Salvador Pineda Popoca (born June 16, 1952, in Huetamo, Michoacan, Mexico) is a Mexican actor, who has participated in over 20 Mexican telenovelas and Mexican movies, as well as two Hollywood low budget movies. Born to Mexican politician Salvador Pineda who served under Mexican President Adolfo Ruiz Cortines, and Gloria Pineda, house-wife. His uncle (on his mother's side) is the renowned Mexican cardiologist Ignacio Chavez Sanchez.

==Biography==
Salvador Pineda is known for his acting on many Televisa soap operas, including 1980s Colorina with Lucía Méndez, and Mi Pequeña Soledad with Verónica Castro. He is also remembered for his soap opera Tu o Nadie with Lucía Mendez and Andrés García. Pineda and García were considered two of the sexiest Latino actors of the 1980s, appearing in shirtless photos in magazines sold in Latin America.

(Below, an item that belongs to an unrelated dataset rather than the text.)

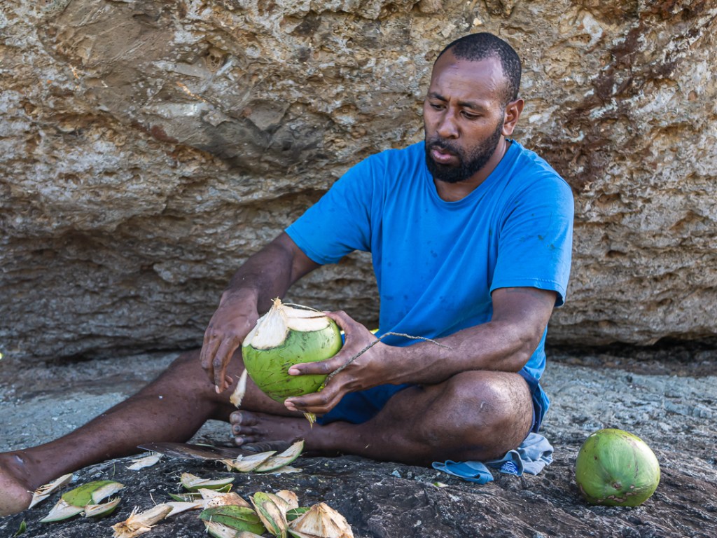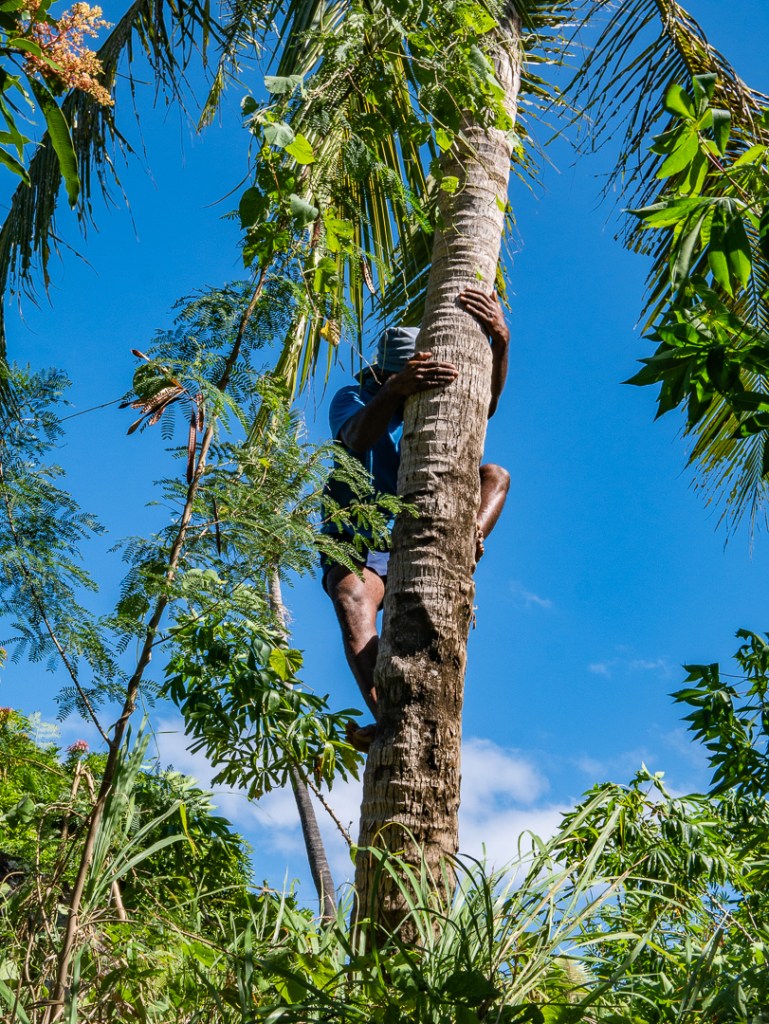 På vejen op, spurgte Nathan om vi havde smagt kokusnødder før. Michael og jeg fik sagt, at vi ikke havde fået det på Fiji endnu og inden vi havde set os om, var han på vej op i en palme for at hente kokusnødder til os.

Pineda's identifiable, gravelly voice and his physique led to his being type-cast as a villain, or, less frequently as a gruff, edgy heroic lead.

Pineda began his internationalization in 1984, when he worked in Puerto Rico as the star of canal 2's Coralito, with Sully Diaz. He returned to Puerto Rico in 1985, to film another telenovela with canal 2.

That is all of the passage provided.